4. M AIS DES FREINS ET DES RETICENCES PERSISTENT

4.5. Une articulation à trouver avec le secteur de la santé, l’administration pénitentiaire,

4.5.1. Santé, administration pénitentiaire, aide sociale à l’enfance : des liens encore ténus à renforcer

[209] Les contacts sont encore peu formalisés entre les SIAO et les établissements hospitaliers pour organiser les sorties d’hôpital. Bien que 52 % des SIAO déclarent avoir mis en place des liens de coopération avec le secteur de la santé, les situations sur le terrain sont très diverses. Des demandes d’hébergement proviennent d’établissements hospitaliers mais la mise en place du SIAO n’a pas été l’occasion de redéfinir et d’améliorer le lien avec ce secteur, notamment avec les hôpitaux psychiatriques.

[210] Dans certaines régions toutefois, des contacts ont été initiés avec les agences régionales de santé, souvent en raison d’une implication forte des services de l’Etat. Ainsi par exemple, le SIAO Paris travaille, en lien avec la DRIHL, avec l’ARS Ile-de-France à la rédaction d'une convention qui sera signée par le préfet de région. Cette convention a d'ores et déjà identifié des champs de compétence et notamment l’observation sanitaire et sociale, la prise en compte des publics vulnérables dans la gestion des alertes et des crises sanitaires, le besoin en formation initiale et continue des professions sanitaires, sociales et médico-sociales, la définition et la mise en place de programmes expérimentaux communs visant notamment à l’hébergement des publics confrontées à des difficultés spécifiques, à l’accès au logement accompagné des personnes handicapées. Par ailleurs, à l’occasion d’un groupe de travail mené pendant l’été 2011, l’ARS a également été sensibilisée aux liens que les établissements de santé doivent construire avec les SIAO pour la prise en charge adaptée des publics sortants d’une structure de soins.

[211] Il existe encore des ruptures dans la prise en charge entre l’aide sociale à l’enfance et l’hébergement de droit commun pour les publics jeunes, faute d’échanges d’informations et de coordination suffisante entre le conseil général et le SIAO. Ces ruptures ne sont pas acceptables car elles peuvent facilement être solutionnées sans moyens supplémentaires. Il suffirait que les conseils généraux anticipent et préparent la sortie du dispositif de leurs bénéficiaires en lien avec le SIAO.

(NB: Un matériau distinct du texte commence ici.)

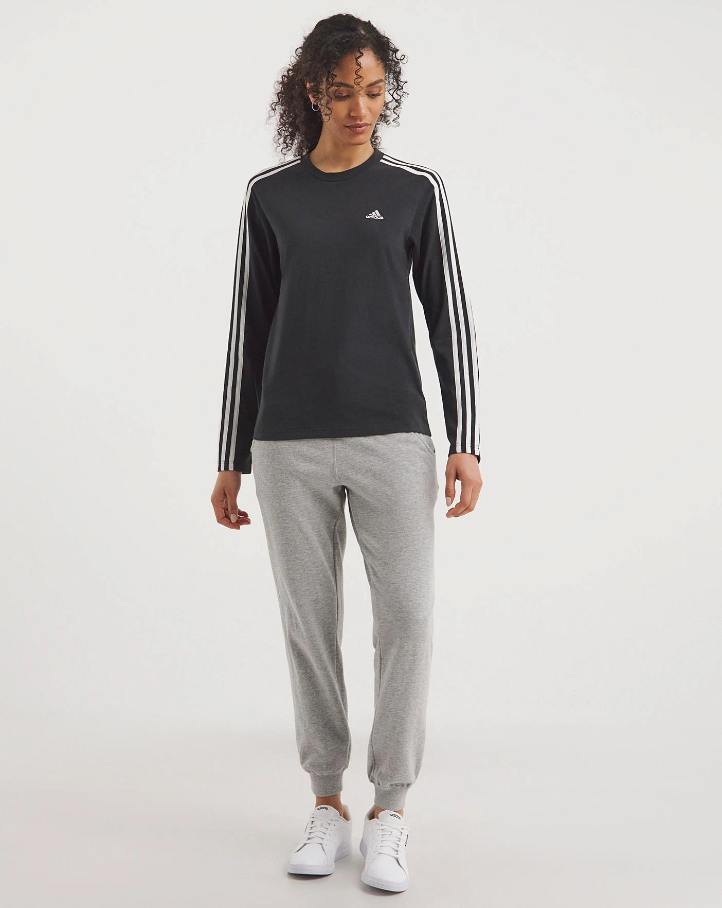 Beat your personal best. Up the weight on your leg presses. You’ve got a lot of goals. But when rest day comfort is your goal, reach for this sporty adidas long sleeve t-shirt. Throw it on to go out with friends or catch up on your favourite shows. No matter how you choose to rest up and rejuvenate, the soft single jersey fabric will keep things cosy. Our cotton products support more sustainable cotton farming.
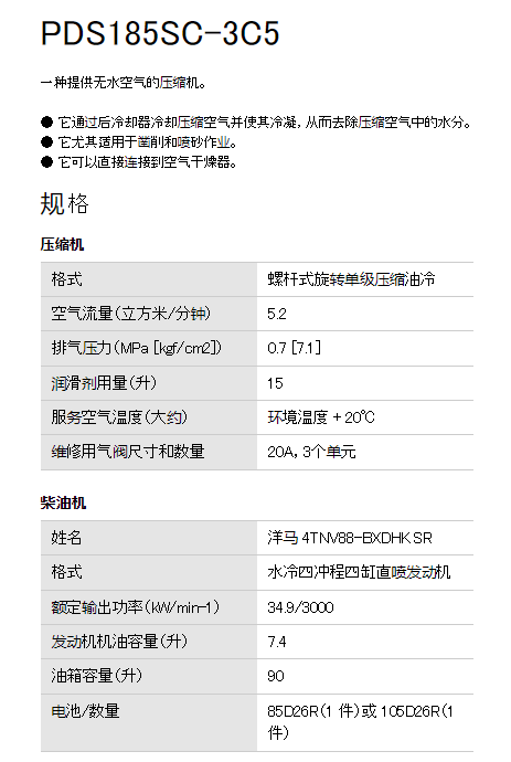 AIRMAN 发动机压缩机PDS185SC-3C5系列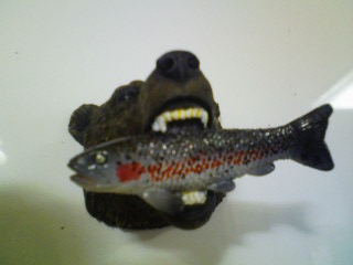 やはりヒグマがサケをくわえている置物でしょう。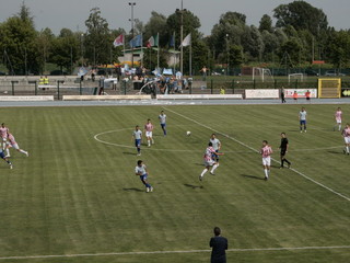 Padroni di casa pericolosi, soprattutto con Kabine che sulla fascia corre come un indiavolato dando non pochi problemi all difesa ospite, in una partita finora molto veloce e maschia da ambo le parti. A fine primo tempo, il solito kabine mette i brividi con un diagonale insidioso che viene controllato da Orlandi. Come gioco le due squadre appaiono equlibrate, anche se la Sacilese per ora ha giocato in maniera più attiva e spregiudicata rispetto ai liguri.
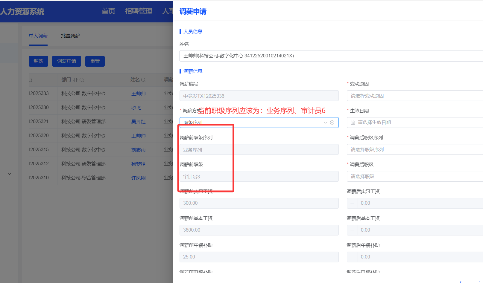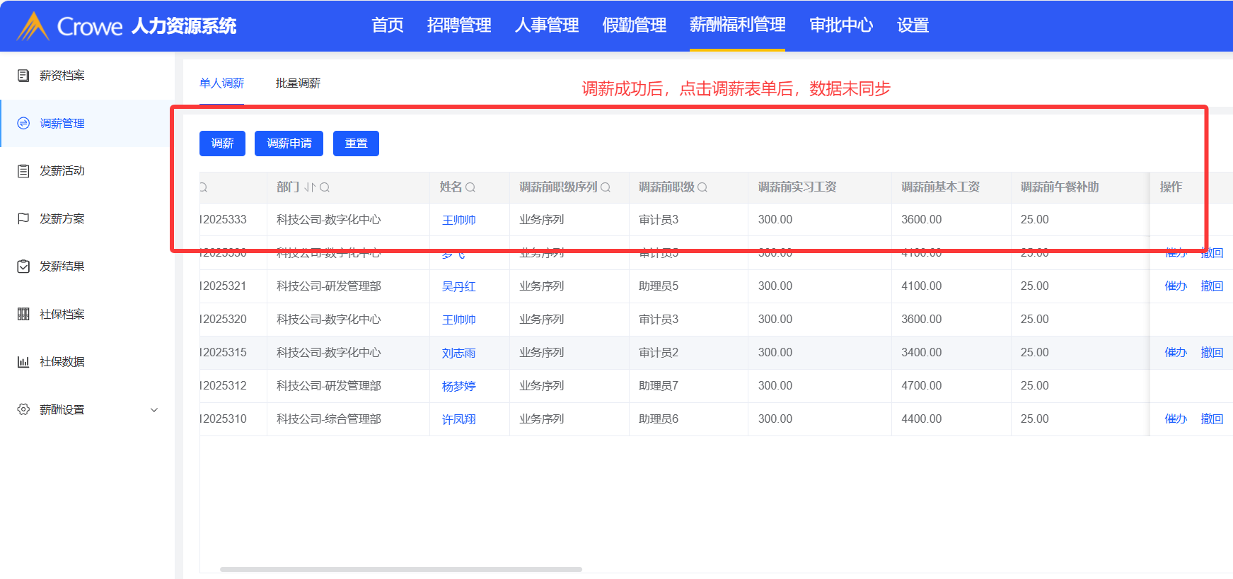 调薪管理,调薪成功后,重新发起调薪或调薪申请时,调薪前数据未同步最新数据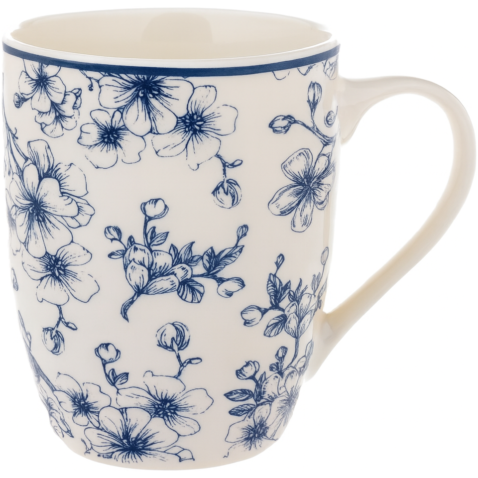 Sada 6 keramických hrnků Něžné kvítí 300 ml, modrá

[212] La situation est globalement identique pour la coopération entre le SIAO et les services pénitentiaires d’insertion et de probation concernant l’hébergement des sortants de prison.

Historiquement l’administration pénitentiaire a signé des conventions avec des structures dans lesquelles elle réserve des places pour les anciens détenus et a donc toujours fonctionné en direct avec les gestionnaires d’hébergement. Le système actuel devra s’intégrer dans le processus global de régulation des places, les SIAO devant prendre en compte, bien entendu, les contraintes particulières liées à ce public spécifique.

Les sortants de prisons dans les Bouches-du-Rhône

Il existe quatre CHRS labélisés « sortants de prison » hors Marseille et un CHRS à Marseille dans les Bouches-du-Rhône. Les demandes pour les personnes placées sous main de justice (PPSMJ) passent par deux postes AVDL spécifiques, un à Marseille et un pour Aix/Salon/Arles. Ces référents ne travaillent qu’à la demande du SPIP pour les PPSMJ qui ont un problème d’hébergement ou de logement. Les fiches de signalisation sont transmises aux AVDL par le SPIP. L’entretien avec la personne s’effectue en milieu ouvert ou fermé. Pour le territoire d’Aix, elle vaut évaluation en pôle entretien. Le diagnostic s’effectue en collaboration avec le conseiller d’insertion et de probation. Pour les aménagements de peine, il existe des conventions entre le SPIP et certaines structures d’hébergement pour réserver des places aux sortants de prison. Pour les sorties définitives, il n’existe pas de places réservées. Les demandes ne passent donc pas formellement par le SIAO mais comme les AVDL travaillent en coordination avec le SIAO 13, leur intégration sera facilitée.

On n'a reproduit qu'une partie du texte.